-- WHAT TO DO --
Repeat the listing below in full and exactly, but without its pictures.

-- INFORMATION PROVIDED --
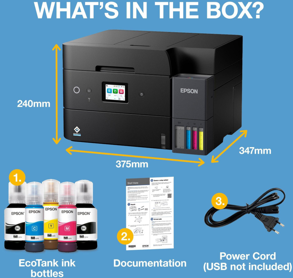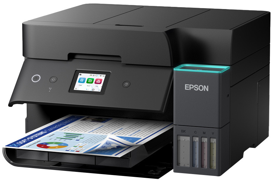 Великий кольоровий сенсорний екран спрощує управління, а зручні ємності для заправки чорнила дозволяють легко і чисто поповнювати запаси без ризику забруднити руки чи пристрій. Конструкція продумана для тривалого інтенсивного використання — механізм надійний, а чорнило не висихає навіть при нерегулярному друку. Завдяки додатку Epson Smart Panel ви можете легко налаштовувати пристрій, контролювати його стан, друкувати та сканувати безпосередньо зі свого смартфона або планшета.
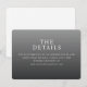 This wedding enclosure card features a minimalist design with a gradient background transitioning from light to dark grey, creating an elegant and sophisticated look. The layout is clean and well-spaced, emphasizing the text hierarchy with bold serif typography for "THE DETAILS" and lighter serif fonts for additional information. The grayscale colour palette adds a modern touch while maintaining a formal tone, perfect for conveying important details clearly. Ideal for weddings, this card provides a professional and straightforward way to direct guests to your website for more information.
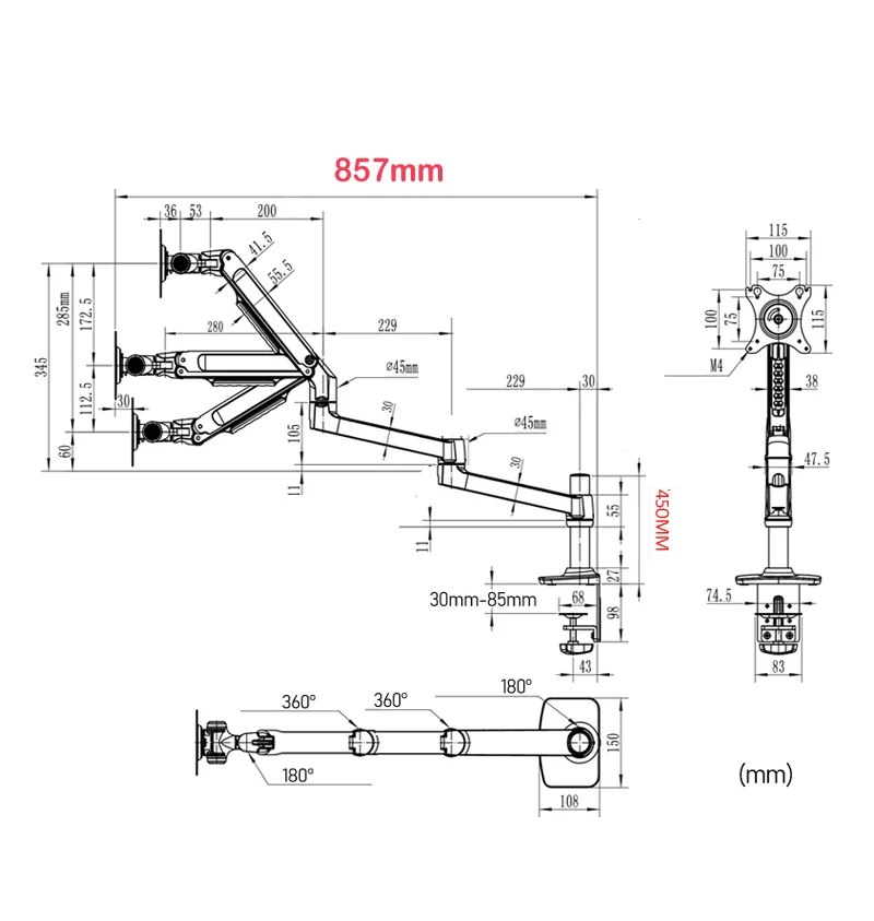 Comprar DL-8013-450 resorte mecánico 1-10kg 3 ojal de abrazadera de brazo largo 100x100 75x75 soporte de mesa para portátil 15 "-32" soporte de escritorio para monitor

-- TASK OUTPUT --
 Великий кольоровий сенсорний екран спрощує управління, а зручні ємності для заправки чорнила дозволяють легко і чисто поповнювати запаси без ризику забруднити руки чи пристрій. Конструкція продумана для тривалого інтенсивного використання — механізм надійний, а чорнило не висихає навіть при нерегулярному друку. Завдяки додатку Epson Smart Panel ви можете легко налаштовувати пристрій, контролювати його стан, друкувати та сканувати безпосередньо зі свого смартфона або планшета.
 This wedding enclosure card features a minimalist design with a gradient background transitioning from light to dark grey, creating an elegant and sophisticated look. The layout is clean and well-spaced, emphasizing the text hierarchy with bold serif typography for "THE DETAILS" and lighter serif fonts for additional information. The grayscale colour palette adds a modern touch while maintaining a formal tone, perfect for conveying important details clearly. Ideal for weddings, this card provides a professional and straightforward way to direct guests to your website for more information.
 Comprar DL-8013-450 resorte mecánico 1-10kg 3 ojal de abrazadera de brazo largo 100x100 75x75 soporte de mesa para portátil 15 "-32" soporte de escritorio para monitor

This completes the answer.